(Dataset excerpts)
--------------------
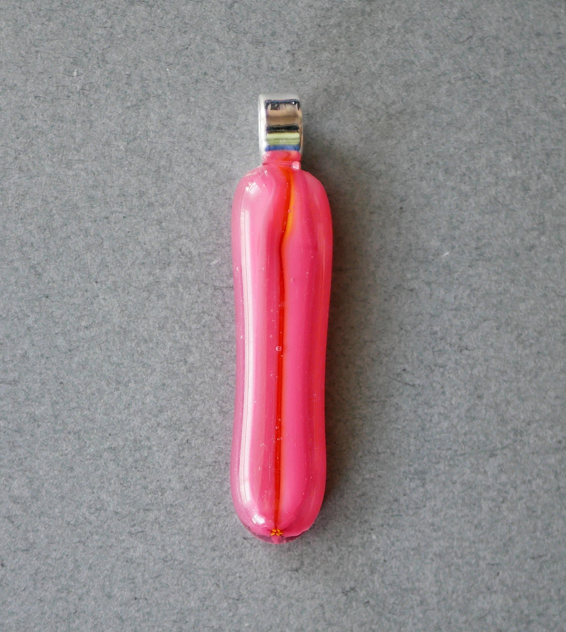 Handmade in my kiln by me! A pendant made from murrine scrap, creating a stripey pattern. These look a bit like sea cucumbers to me.
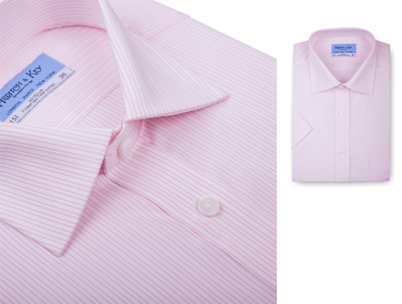 100%长绒棉,粉红色细条纹,经典八字领,白色蝶贝扣,优雅自然。
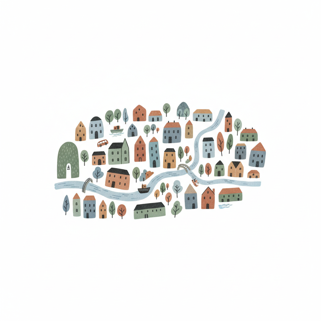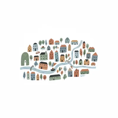 Bunte, handgezeichnete Stadtlandschaft mit Häusern, Bäumen, Fluss und Brücken im Cartoon-Stil.
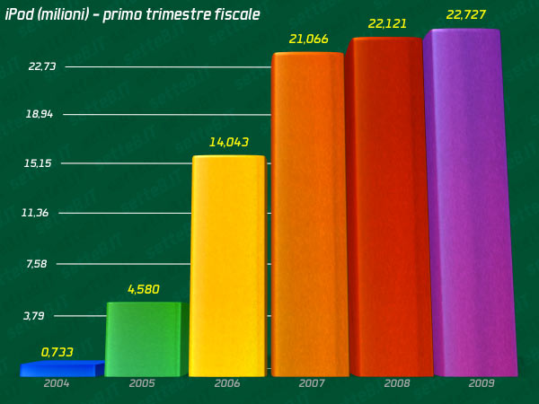 Il player multimediale di Cupertino, nei suoi modelli shuffle, nano, touch e classic, ha raggiunto il massimo nel primo trimestre del 2009 con 22.727.000 iPod (+3% sul Q1 del 2008).
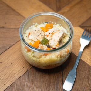 Pomme de terre (25%), poulet (25%), crème végétale (eau, huile de tournesol, fèves de SOJA décortiquées , sucre, émulsifiant, stabilisants , sel marin de table, arôme), champignon (8%), épices, roux blanc, eau, GLUTEN, LAIT, CELERI.
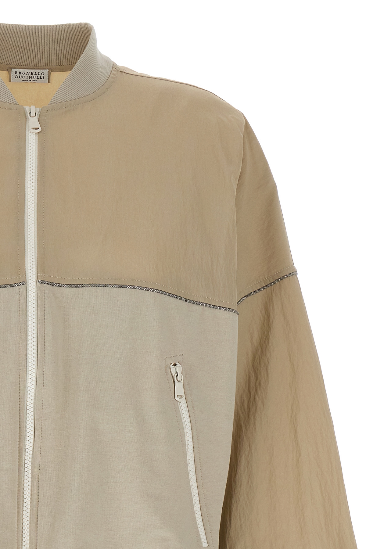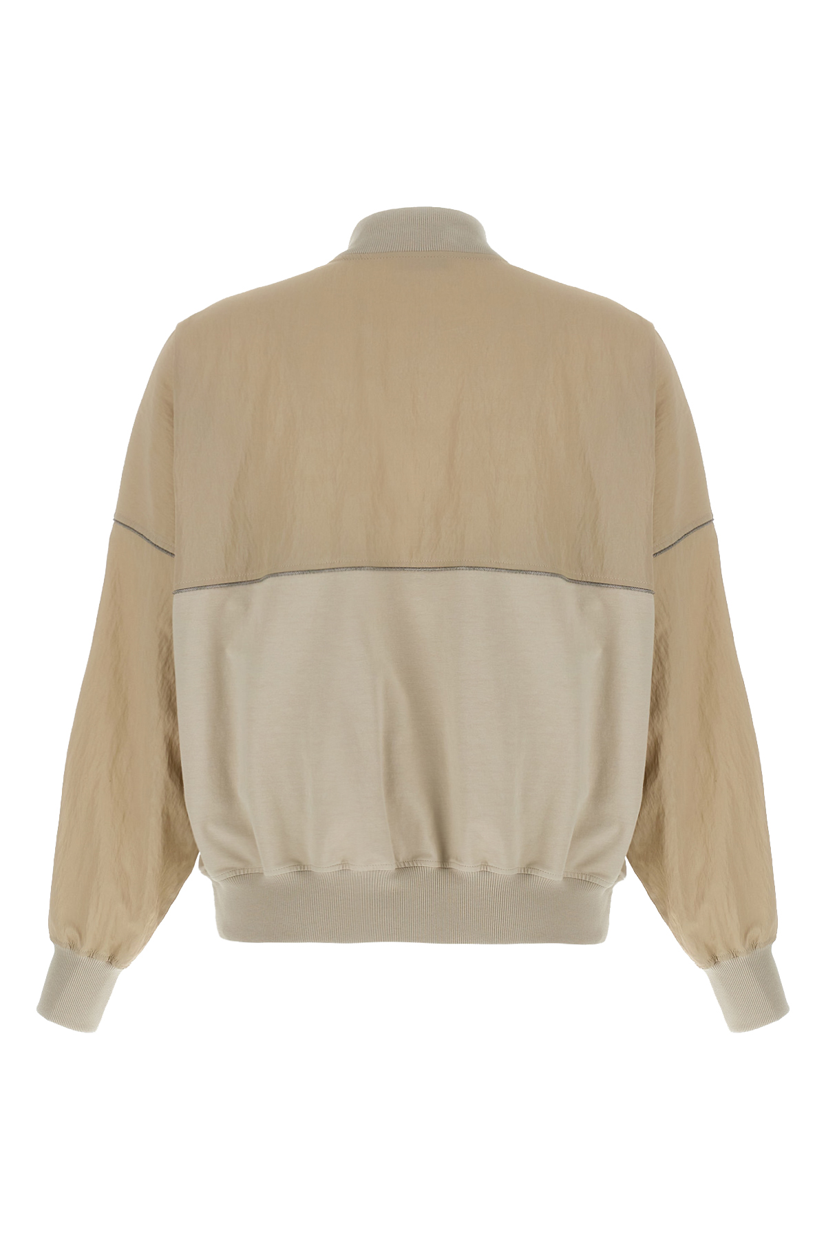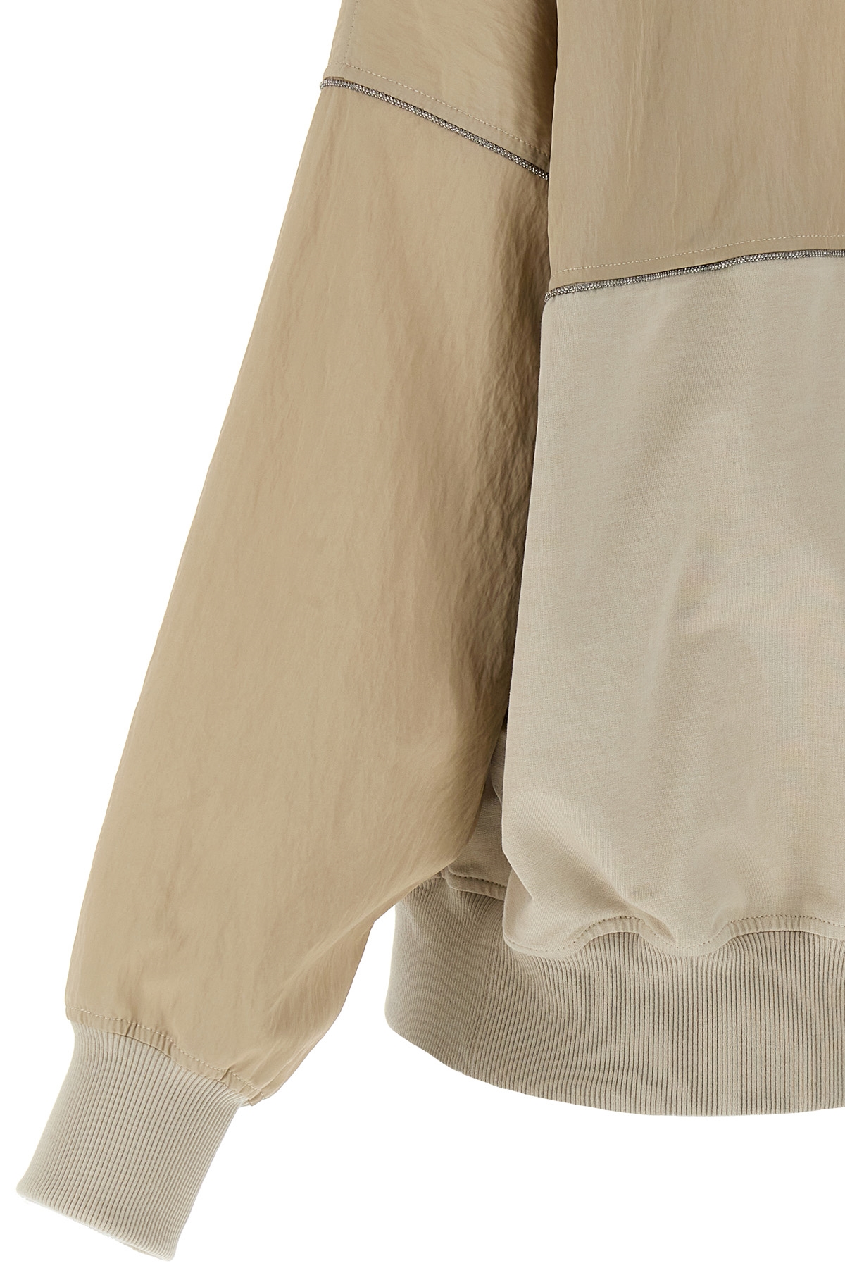 Two-material sweatshirt in stretch cotton technical fabric and jersey with Monile detail, front zip closure, pockets, long cuffed sleeves, and stretch ribbed cotton trims.
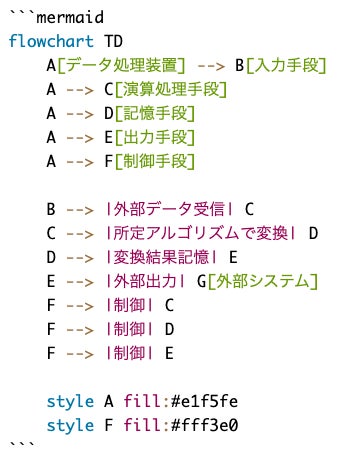 Mermaid記法とは、簡単なテキスト記述でフローチャート、組織図、ガントチャートなどのチャートを自動生成できる記法で、「flowchart TD; A[開始] --> B[処理] --> C[終了]」といった文字列を書くだけで矢印付きの図が完成します。エンジニアやプロジェクト管理の現場で広く使われており、GitHub等でも標準サポートされている業界標準の図表記述方式です。
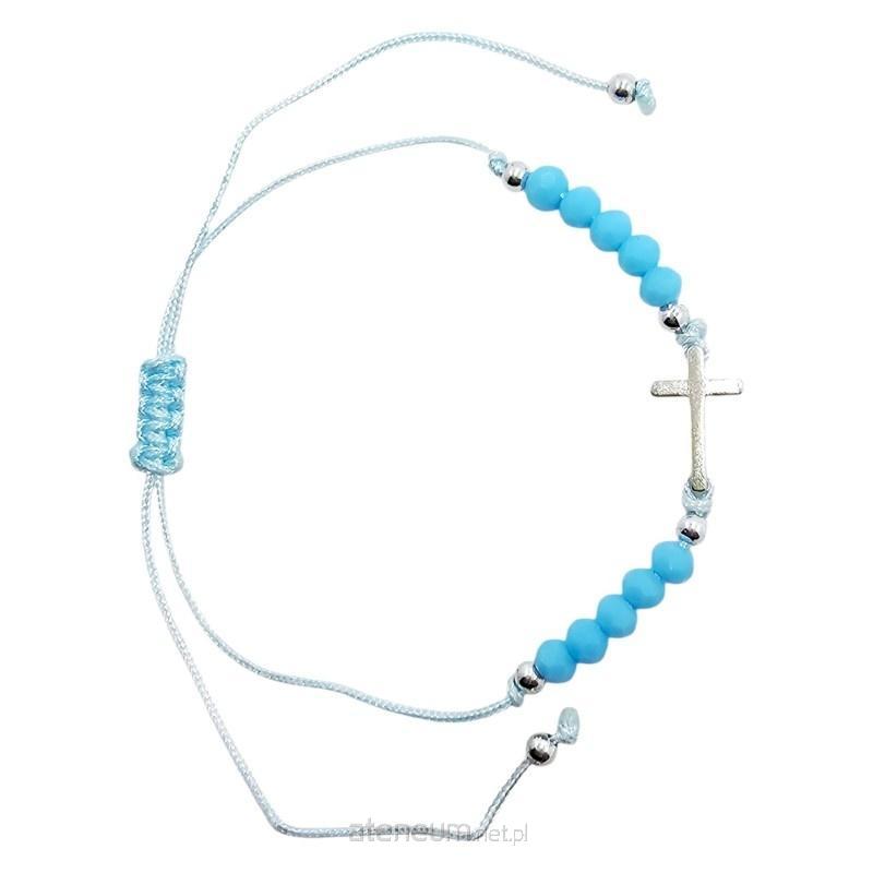 Urocza bransoletka na rękę, będąca jednocześnie praktyczną dziesiątką różańca. Wykonana z trwałego, regulowanego sznurka, dzięki czemu idealnie dopasowuje się do każdego nadgarstka. Dziesiątkę tworzy dziesięć barwnych koralików, które przyciągają wzrok swoją subtelnością. Centralnym elementem bransoletki jest metalowy krzyżyk o wymiarach 13x18 mm. Dodatkowym, subtelnym akcentem są małe, srebrne kuleczki, które pięknie połyskują i dodają bransoletce elegancji. Ta wyjątkowa bransoletka nie tylko ułatwia odmawianie dziesiątki różańca, ale również stanowi stylowy i radosny dodatek do każdej stylizacji.
--------------------
EXERCISE AIM: From the first line to the last, copy the records exactly and skip the pictures.

ANSWER FOR THIS EXERCISE:
 Handmade in my kiln by me! A pendant made from murrine scrap, creating a stripey pattern. These look a bit like sea cucumbers to me.
 100%长绒棉,粉红色细条纹,经典八字领,白色蝶贝扣,优雅自然。
 Bunte, handgezeichnete Stadtlandschaft mit Häusern, Bäumen, Fluss und Brücken im Cartoon-Stil.
 Il player multimediale di Cupertino, nei suoi modelli shuffle, nano, touch e classic, ha raggiunto il massimo nel primo trimestre del 2009 con 22.727.000 iPod (+3% sul Q1 del 2008).
 Pomme de terre (25%), poulet (25%), crème végétale (eau, huile de tournesol, fèves de SOJA décortiquées , sucre, émulsifiant, stabilisants , sel marin de table, arôme), champignon (8%), épices, roux blanc, eau, GLUTEN, LAIT, CELERI.
 Two-material sweatshirt in stretch cotton technical fabric and jersey with Monile detail, front zip closure, pockets, long cuffed sleeves, and stretch ribbed cotton trims.
 Mermaid記法とは、簡単なテキスト記述でフローチャート、組織図、ガントチャートなどのチャートを自動生成できる記法で、「flowchart TD; A[開始] --> B[処理] --> C[終了]」といった文字列を書くだけで矢印付きの図が完成します。エンジニアやプロジェクト管理の現場で広く使われており、GitHub等でも標準サポートされている業界標準の図表記述方式です。
 Urocza bransoletka na rękę, będąca jednocześnie praktyczną dziesiątką różańca. Wykonana z trwałego, regulowanego sznurka, dzięki czemu idealnie dopasowuje się do każdego nadgarstka. Dziesiątkę tworzy dziesięć barwnych koralików, które przyciągają wzrok swoją subtelnością. Centralnym elementem bransoletki jest metalowy krzyżyk o wymiarach 13x18 mm. Dodatkowym, subtelnym akcentem są małe, srebrne kuleczki, które pięknie połyskują i dodają bransoletce elegancji. Ta wyjątkowa bransoletka nie tylko ułatwia odmawianie dziesiątki różańca, ale również stanowi stylowy i radosny dodatek do każdej stylizacji.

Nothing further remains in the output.